Source material.
+===+

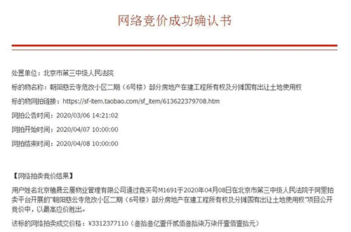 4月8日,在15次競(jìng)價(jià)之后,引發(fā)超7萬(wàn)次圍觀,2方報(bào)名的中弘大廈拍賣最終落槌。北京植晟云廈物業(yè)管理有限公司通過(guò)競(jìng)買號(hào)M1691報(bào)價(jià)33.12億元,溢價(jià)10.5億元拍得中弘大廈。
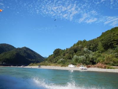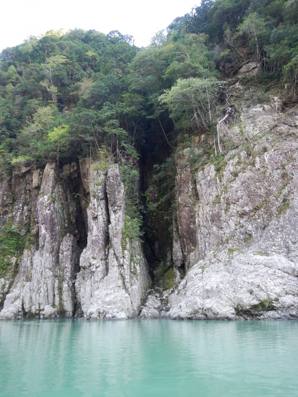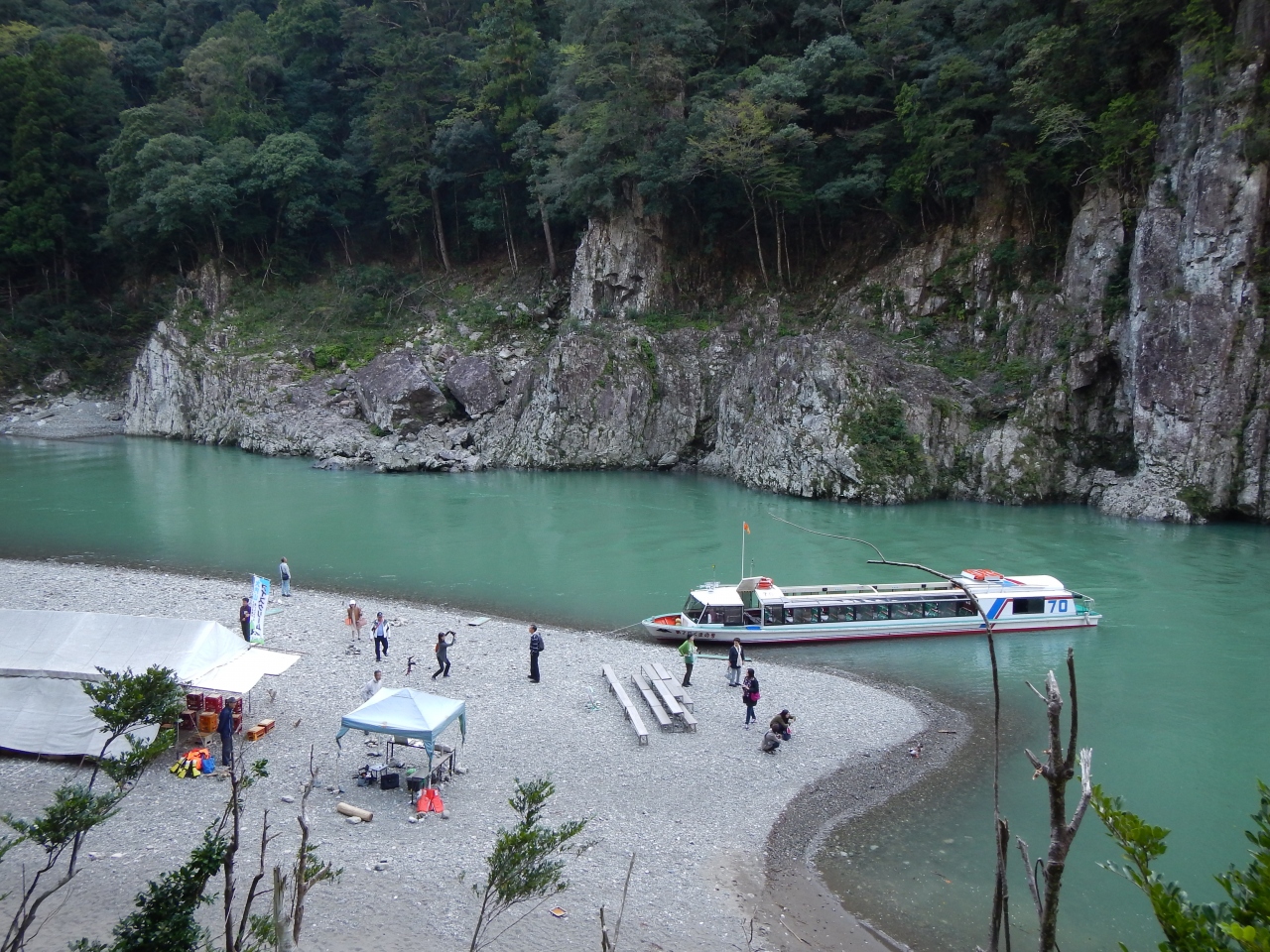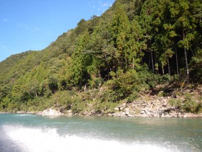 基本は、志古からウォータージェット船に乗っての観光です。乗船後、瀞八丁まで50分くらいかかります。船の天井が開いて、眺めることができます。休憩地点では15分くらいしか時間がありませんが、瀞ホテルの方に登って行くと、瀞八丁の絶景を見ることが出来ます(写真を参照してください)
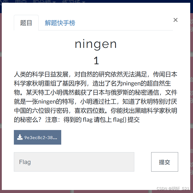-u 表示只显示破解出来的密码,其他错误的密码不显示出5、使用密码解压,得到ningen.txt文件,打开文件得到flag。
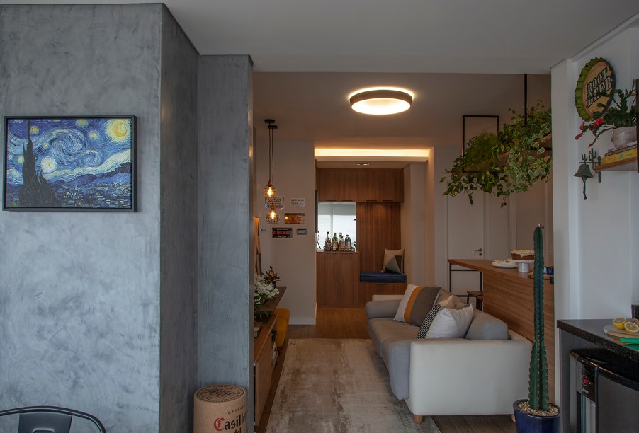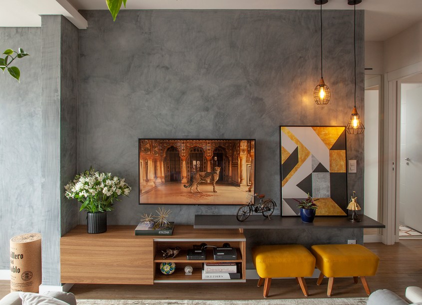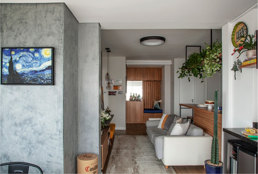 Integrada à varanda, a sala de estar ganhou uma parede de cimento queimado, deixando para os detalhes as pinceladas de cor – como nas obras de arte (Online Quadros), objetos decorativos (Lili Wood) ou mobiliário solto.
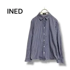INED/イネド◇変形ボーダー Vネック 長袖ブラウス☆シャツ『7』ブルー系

+===+

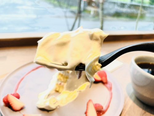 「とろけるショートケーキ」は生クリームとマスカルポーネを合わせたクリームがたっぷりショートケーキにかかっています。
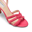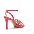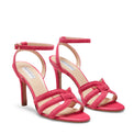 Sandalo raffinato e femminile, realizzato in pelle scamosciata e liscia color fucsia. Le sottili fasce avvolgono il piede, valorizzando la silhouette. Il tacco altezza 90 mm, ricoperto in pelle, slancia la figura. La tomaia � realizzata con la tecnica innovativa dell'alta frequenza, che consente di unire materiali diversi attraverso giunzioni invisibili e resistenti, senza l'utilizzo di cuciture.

+===+

Exercise details.
Leave the pictures out. Output, exactly, the lines of the material above starting at the line containing "4月8日,在15次競(jìn" and ending at the line containing "INED/イネド◇変形ボーダー Vネック 長袖ブラウス☆シャツ『7』ブルー系".

Written answer.
 4月8日,在15次競(jìng)價(jià)之后,引發(fā)超7萬(wàn)次圍觀,2方報(bào)名的中弘大廈拍賣最終落槌。北京植晟云廈物業(yè)管理有限公司通過(guò)競(jìng)買號(hào)M1691報(bào)價(jià)33.12億元,溢價(jià)10.5億元拍得中弘大廈。
 基本は、志古からウォータージェット船に乗っての観光です。乗船後、瀞八丁まで50分くらいかかります。船の天井が開いて、眺めることができます。休憩地点では15分くらいしか時間がありませんが、瀞ホテルの方に登って行くと、瀞八丁の絶景を見ることが出来ます(写真を参照してください)
-u 表示只显示破解出来的密码,其他错误的密码不显示出5、使用密码解压,得到ningen.txt文件,打开文件得到flag。
 Integrada à varanda, a sala de estar ganhou uma parede de cimento queimado, deixando para os detalhes as pinceladas de cor – como nas obras de arte (Online Quadros), objetos decorativos (Lili Wood) ou mobiliário solto.
INED/イネド◇変形ボーダー Vネック 長袖ブラウス☆シャツ『7』ブルー系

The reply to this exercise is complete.